■ REQUIREMENT:
Begin at the top of the entries below and write out every line through the one containing "Whimsical, strange, curious", excluding pictures.

■ DATA UNDER STUDY:
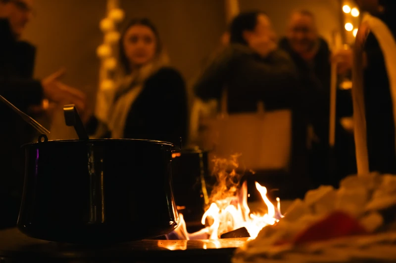 Feuerschale, Glühwein, Fondue und Raclette locken ins winterliche Bredella Village mit Tipi-Zelt, wie sie sonst nur in Skigebieten stehen.
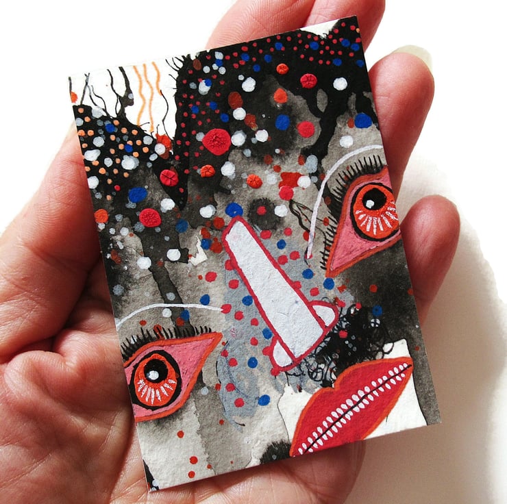 Whimsical, strange, curious - masterpiece of weird art. Unique ACEO in watercolour, ink and drawing pens on lightly textured, quality watercolour paper. Raw, weird, abstract portrait miniature art, measuring the usual 2.5 x 3.5 inches. It would look fab in a tiny frame, or with some other ACEOs in one frame for a larger artwork. It will be discreetly signed on the front by Bea before shipping. ACEOs / ATCs (art trading cards) are fun to collect, and are an affordable way to grown your original art collection - they also make super original art gifts.
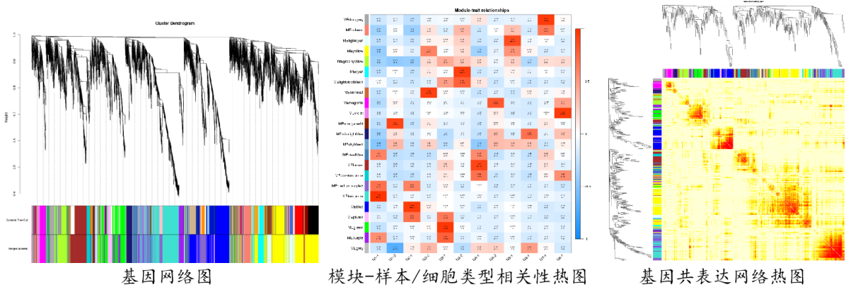 加權基因共表達網(wǎng)絡(luò )分析(Weighted Gene Co-expression Network Analysis, WGCNA)是構建基因共表達網(wǎng)絡(luò )的常用方法,可以探索模塊與特定表型或疾病的關(guān)聯(lián)關(guān)系,最終達到鑒定基因網(wǎng)絡(luò )的目的;單細胞測序技術(shù)可以揭示特定腫瘤組織中的細胞特異性,對細胞進(jìn)行分類(lèi),并且識別特定的標志物,但其檢測的細胞數量和病例來(lái)源都是有限的。利用WGCNA分析單細胞轉錄組測序數據,可以提供一套有別于高変基因、差異分析的方法,不依賴(lài)于數據庫直接用表達量的相關(guān)性值預測調控關(guān)系,篩選某些細胞亞群中有關(guān)聯(lián)作用的基因集(稱(chēng)為模塊),可以從成千上萬(wàn)的基因中挑選出高度相關(guān)的基因的模塊,并將模塊與表型進(jìn)行關(guān)聯(lián),尋找marker gene或治療靶點(diǎn)。
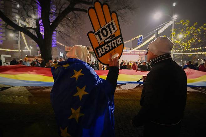 [부쿠레슈티=AP/뉴시스] 14일(현지 시간) 루마니아 부쿠레슈티에서 현지 언론의 조사 보도로 사법부 내 고위급 정치 개입과 부패 의혹이 제기된 가운데, 사법 제도 개혁을 요구하는 시위대가 루마니아 국기와 사법 정의를 요구하는 팻말을 들고 행진하고 있다. 2025.12.15.
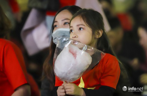 Các cổ động viên nhí, được kèm bởi bố mẹ cũng háo hức xem các bàn thắng đội tuyển U22 Việt Nam.
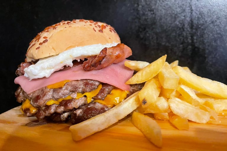 Carne x2, cheddar x2, mayonesa, huevo, bacón, lechuga y tomate
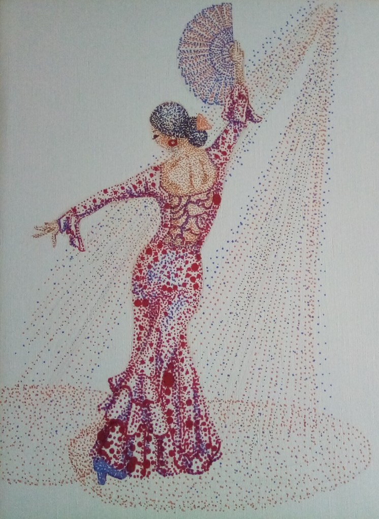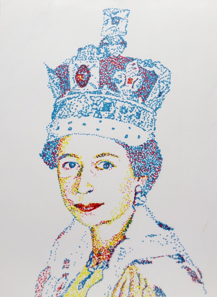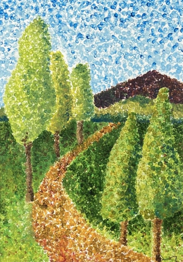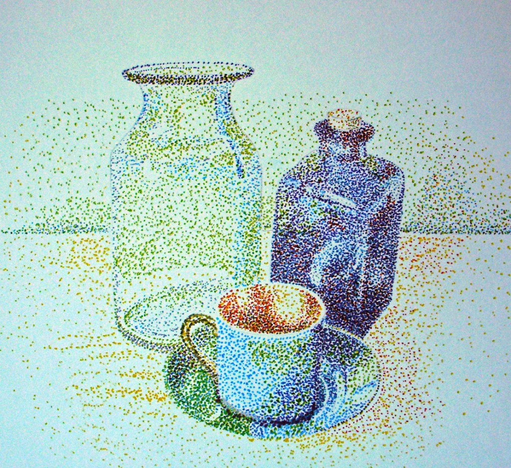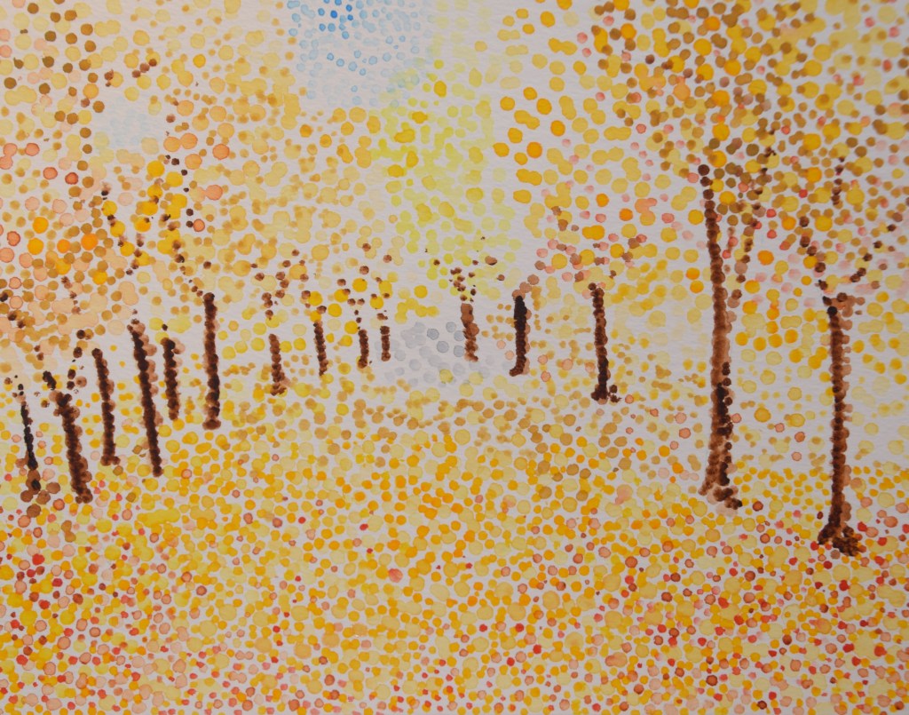 Pointillism is defined as ‘the practice of applying small strokes or dots of colour to a surface so that from a distance they visually blend together’.
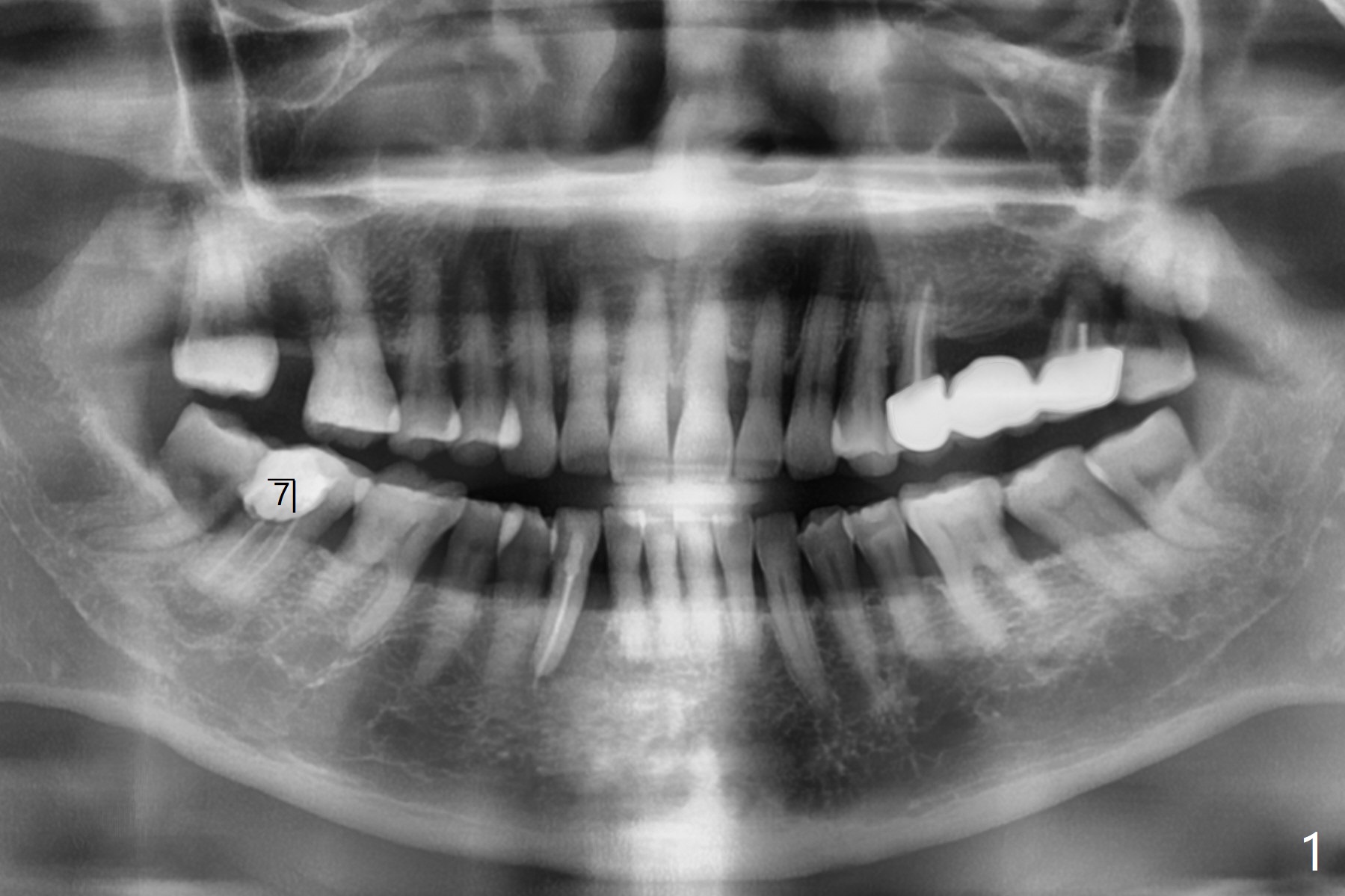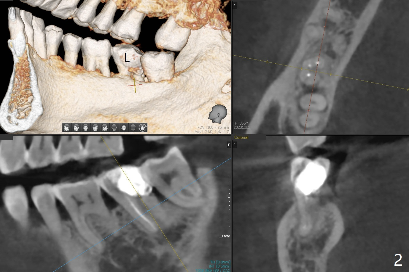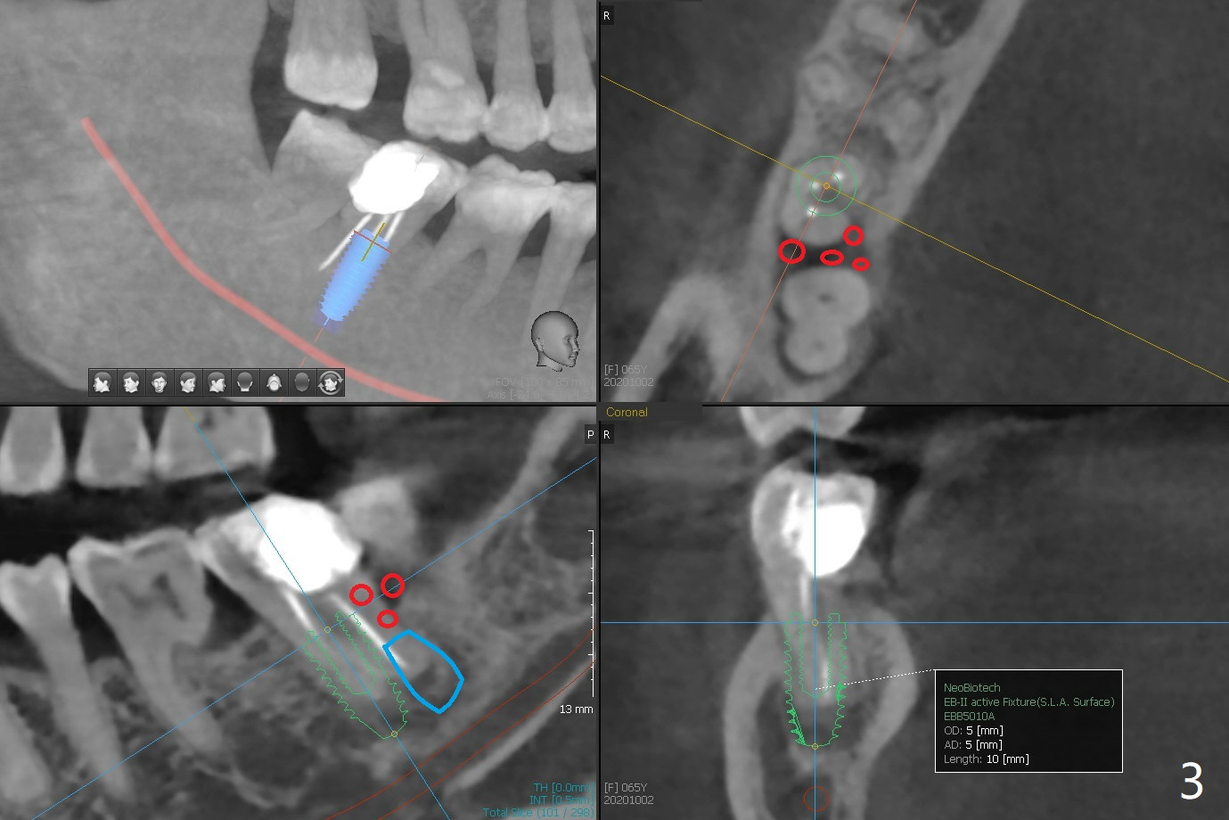 65岁女右下7远中舌侧龈下龋坏(图一,二),远中骨质吸收严重,植体应植入近中窝(图三:绿色),远中窝根部放置胶原塞(蓝色),冠部粘性骨粉(红色)。洁治邻牙,智齿近中面涂Endogain。
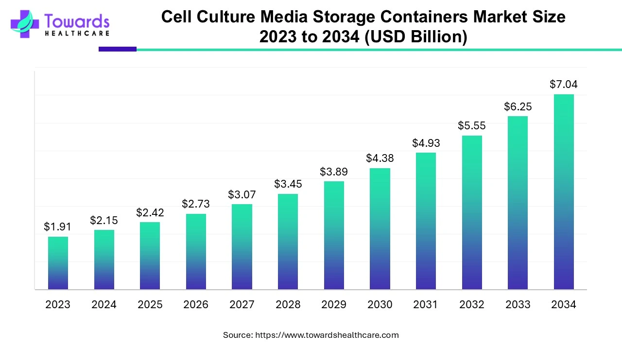 The global cell culture media storage containers market size is calculated at USD 2.42 billion in 2025 and is expected to reach around USD 7.04 billion by 2034, growing at a CAGR of 12.59% for the forecasted period.
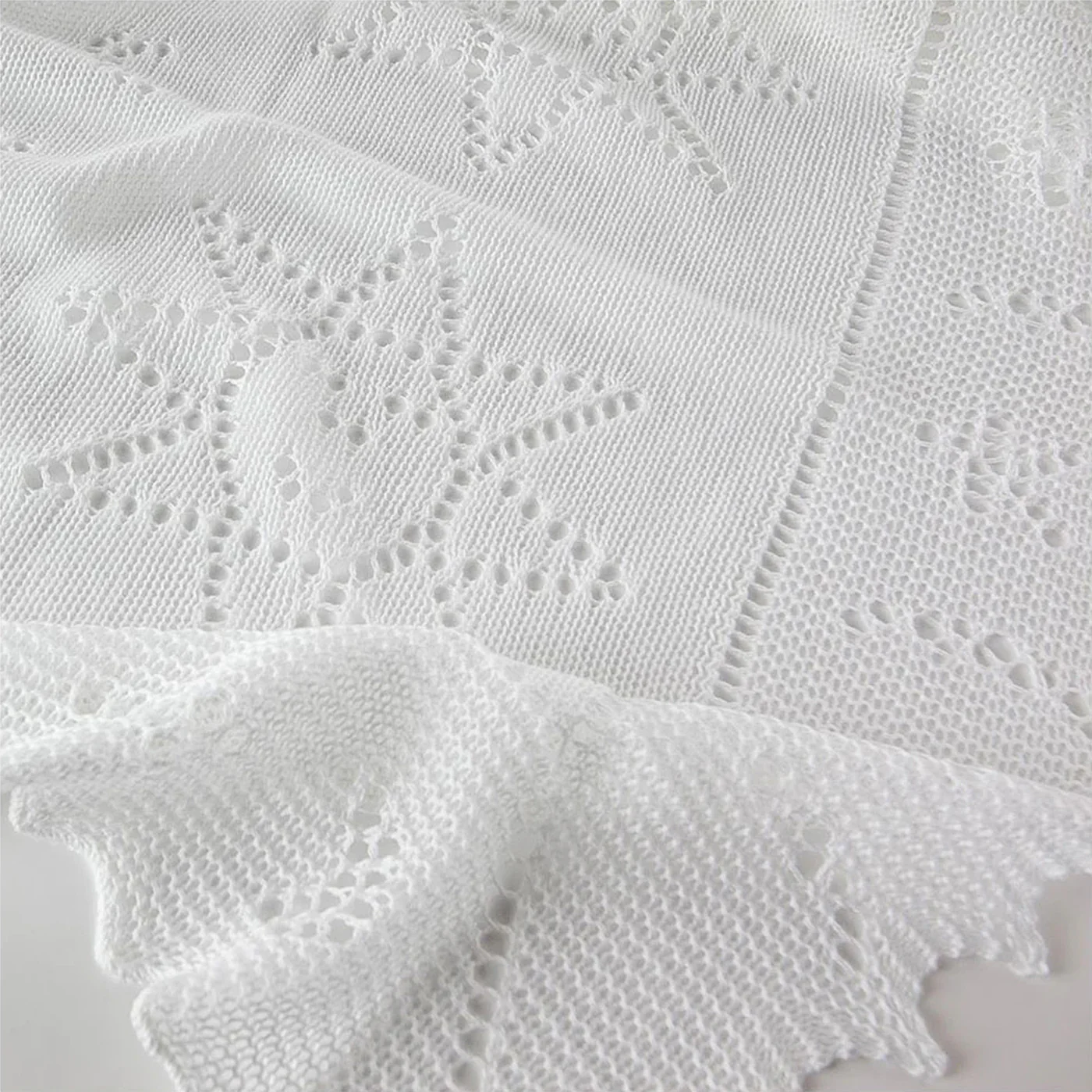Pure white 100% cotton baby shawl in distinctive stars and moon design with hand finished scalloped edge. Size: 122 x 120cm approx.

■ WORKED SOLUTION:
 Feuerschale, Glühwein, Fondue und Raclette locken ins winterliche Bredella Village mit Tipi-Zelt, wie sie sonst nur in Skigebieten stehen.
 Whimsical, strange, curious - masterpiece of weird art. Unique ACEO in watercolour, ink and drawing pens on lightly textured, quality watercolour paper. Raw, weird, abstract portrait miniature art, measuring the usual 2.5 x 3.5 inches. It would look fab in a tiny frame, or with some other ACEOs in one frame for a larger artwork. It will be discreetly signed on the front by Bea before shipping. ACEOs / ATCs (art trading cards) are fun to collect, and are an affordable way to grown your original art collection - they also make super original art gifts.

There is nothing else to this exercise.